IBM/UCB Pervasive Computing Meeting 1-9-99

Important Links:

The single overriding message from the meeting was that the collaboration between UCB and IBM around pervasive computing is proving to be extremely effective.  It is important.  It is in the direction in which new research activities are emerging.  It is capturing the imagination of many of the participants and opening up new opens.  And, the seed activities started last June have proved very valuable for stimulating this process.

The organization of the meeting was structured to build from direct hands-on interations with students and their initial research projects, followed by more focused faculty and graduate student presentations, followed by discussion on how to continue further advance the collaboration.
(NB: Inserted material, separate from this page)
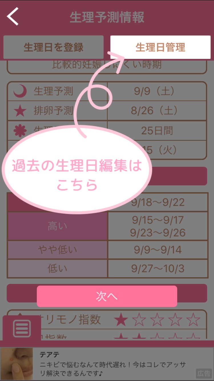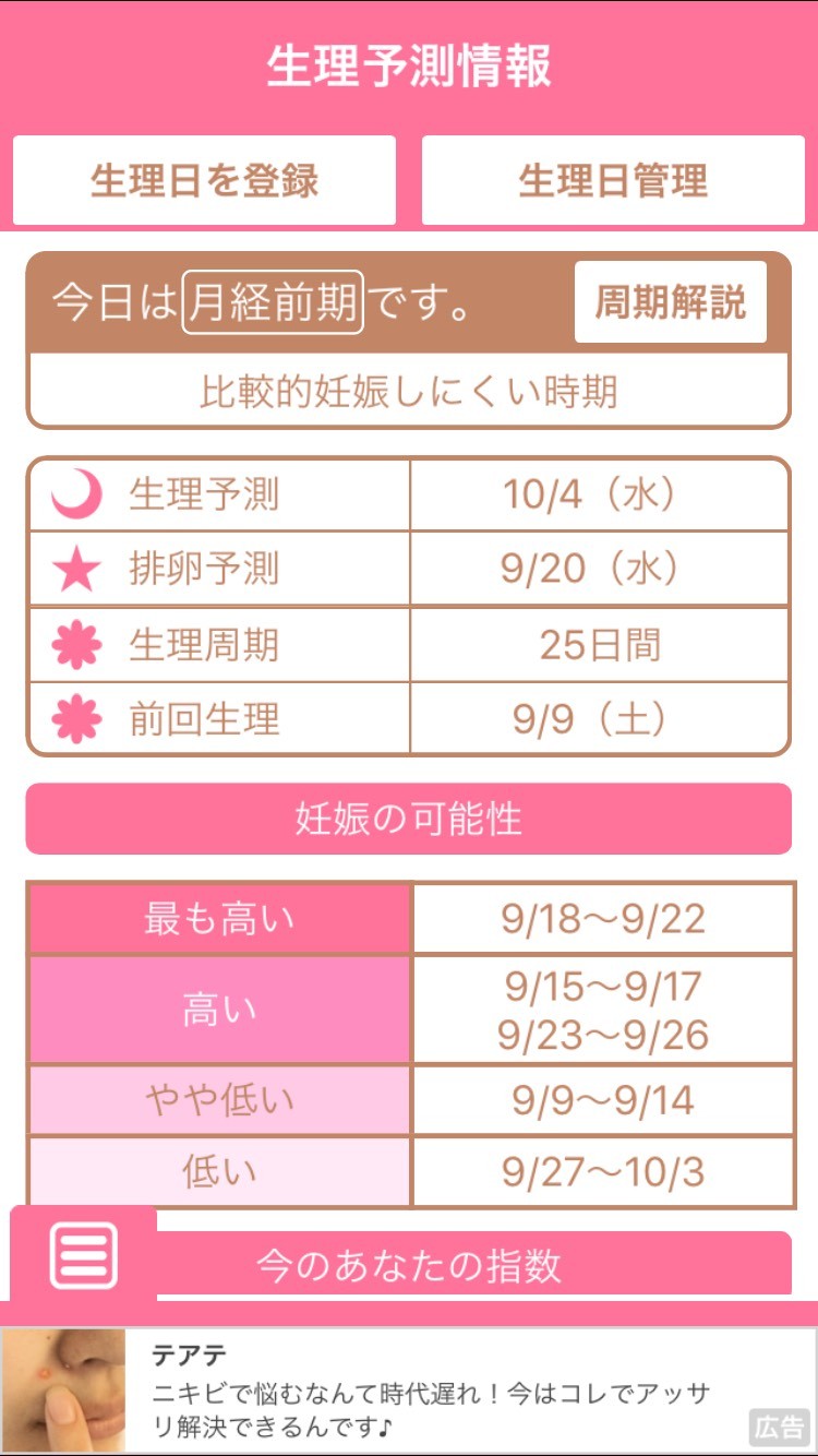 無料でここまで使えるのが「すごい!」の一言。アプリを開くと、「今日は黄体前期です。妊娠しやすい時期です。」などのメッセージが表示され、生理予測日、排卵予測日が確認できます。周期の詳細を知りたい場合は、周期解説を読むと今の自分の身体の状態をより理解できます。また、イライラ指数やダイエット指数といった指数が、自分のバイオリズムを日々確認できて便利です。女性特有のホルモンの移り変わりを理解し、体調管理に役立ちます。

The collaboration initiated last June has proved to be very successful - far beyond expectations.  At that meeting we asserted that it we wanted to change the culture at Berkeley, not just start a new research project.  Although we desired to put small, connected devices in the hands of all researchers in the department, we recognized that the infrastructure would not yet exist to support that successfully.  Instead, we elected to seed 150 workpads (along with the 50 or so PalmPilots) into selected subsets of the the research community to start creating that infrastructure.  This included the researchers involved in the Ninja and Iceberg projects, which are building a new platform architecture for services that provide intelligence in the infrastructure to support small devices, as well as Millennium, which provides the testbed.  James Landay ran an experimental version of the User Interface design class (cs 160) with 60 students all working directly with new interfaces for small devices.  This also seeded a number of talented undergraduate.  In October, we held a kick off seminar to initiate the discussion of what the Post-PC era might bring and what the core research challenges might be.  At that we provided workpads to all of the first year CS graduate students.  About 20 additional students joined in with their own ideas.  Research was conducted as term projects in at least four graduate courses, including operating systems, computer architecture, and network security.  Many of these were excellent - and several of these were featured in the meeting.  In addition, the effort has created common ground for  several important research projects, including NINJA, IRAM, and MASH.  It also altered the strategic plan for the department, with most of the critical areas of hiring taking on a pervasive computing flavor.  This activity culminated in a major proposal to DARPA, comprising 14 faculty members and a 21M$ budget, to lay out the direction of experimental systems into the 21st century.  (A draft of this was provided at the meeting.)

The presentations and projects are available at the agenda page above.

Several action items emerged, listed here from concrete to broad.

As one of the first steps in implementing these ideas, a group of Berkeley faculty/students will come visit IBM Research
facilities: Almaden and Hawthorne. Jean Paul will host/organize the Almaden visit.  Brent Hailpern will organize and host the Hawthorne visit.

David Culler and Eric Brewer are to run a more formal design seminar in post-PC systems, providing a catalyst and source of vision for the post-PC bazaar emerging at Berkeley.  Dave Patterson is organizing a faculty friday "great thoughts" meeting.